Mill Computing, Inc. Forums The Mill Architecture Why not encode data types in metadata? Reply To: Why not encode data types in metadata?

Ivan Godard
Keymaster
Post count: 689

No idea what happened to the original post; it doesn’t show on the Forum logs. However, I can address the question implied by the title: types in metadata.

A dynamic language like SmallTalk must keep a runtime representation of type in order to resolve the meaning of the executable. This gives second-order power and flexibility: with cleverness and SmallTalk you can brush your teeth. But type resolution is not fast.
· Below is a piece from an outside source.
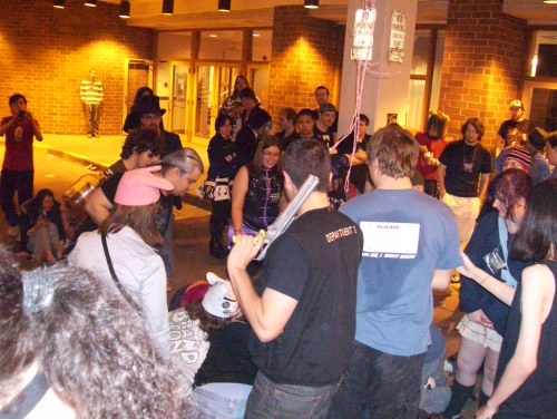 Apparently, Richard and I were having a small room party as well. I hadn't given it much thought, as it wasn't an official Geek.Kon event (or Kitsune Kon for that matter; he's staffing for them now) and I didn't bring much other than a bag of chips and my little portable speaker set (now with inferiority complex!). Still, it was an excuse to open the door and start playing music, even as I was back to checking the internet. Really, we were just killing time until the big pinata party.

Most programs, even those in second-order languages, are in fact first-order and bindings can be fully resolved at compile time. The rare cases where you really need second-order you can kludge around by having (first-order) programs write (first-order) programs which are then compiled. Our software is full of such generators – it’s how we can retarget for different family members based on a specification. But all steps are compiled, and everything that can be done at compile time is done then, which includes all static typing. So there’s no reason to carry type in the metadata at runtime.

The compile step also elides type transformations that are no-ops in the execution. With meta-typng every transform of an operand from int to unsigned would have to be an explicit runtime op to change the metadata even though it did nothing to change the operand value. Think how many place Foo is changed to const Foo. Ouch.